Presentation: Faceted Searching and Browsing in Scriblio

I was honored to be a panelist at the LITA/ALCTS CCS Authority Control in the Online Environment Interest Group presentation of “Authority Control Meets Faceted Browse.”

What is faceting? Why is it (re)emerging in use? Where can I see it in action? This program is intended to introduce the audience to facet theory, showcase implementations that use faceted approaches for online catalogs, and facilitate discussion on the relationship between structured authority data and this type of navigation.

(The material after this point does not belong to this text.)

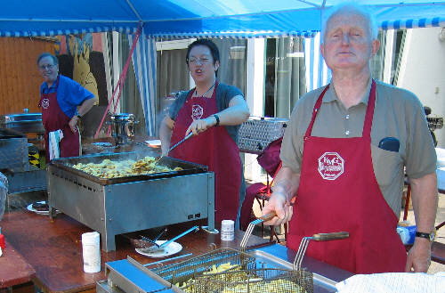 Beste Stimmung herrscht in der Grillküche, Philip sorgt dafür. |

Kathryn La Barre of University of Illinois at Urbana-Champaign explained the theory, while NCSU’s Charley Pennel, Vanderbilt’s Mary Charles Lasater, and I each described its implementation in Endeca, Primo, and Scriblio respectively. Scriblio is an open source project that has less than one FTE working on it, so it’s an honor to see it compared against commercial offerings, especially NCSU’s groundbreaking work.

My slides are online in QuickTime and PDF form, and I was proud to be able to show off the new public beta of the Lamson Library website and catalog, based on Scriblio.

I should be careful to point out that faceting is a theory of cataloging and classification, while clustering is the technical process of aggregating and reporting relevant metadata in search and browse screens. The difference is that Scriblio doesn’t impose rules on our cataloging practice, it simply supports clustering the metadata to make it easier to find the resources we’re looking for.

If anything, the importance of authority control increases in faceted/clustered search and browse systems, but it is a matter of exchanging one set of technological constraints for another. Card catalogs, with their alphabetical access and physical affordances (or limitations) demanded cataloging practice that is in some ways at odds with the very different affordances and limitations of faceted/clustered search and browse.

Among current implementations, clustering does well with subjects, but poorly with authors. Looking at the cardinality of those facets, it’s easy to understand the problem:

Scriblio at Lamson: Cardinality of selected facets

(statistics from the Lamson Library (beta) catalog.)

The number of unique authors compared to the number of total authors is very high, while a large number of subjects are represented by a small number of unique headings. Still, some authors are well suited to faceted browse, and their emergence in a result set could be mined to help users further refine their searches. Example: J. K. Rowling is an obvious top author in searches for both “harry potter” and “j k rowling”. Her statistical “pop” in the results might be worth looking at and worth leveraging elsewhere.

As currently implemented, however, clustered results most help the user who doesn’t know the proper terms for her field of interest. A user searching “sociology of education” is likely to be interested in materials cataloged under “educational sociology,” and clustered search navigation works well in that and similar circumstances.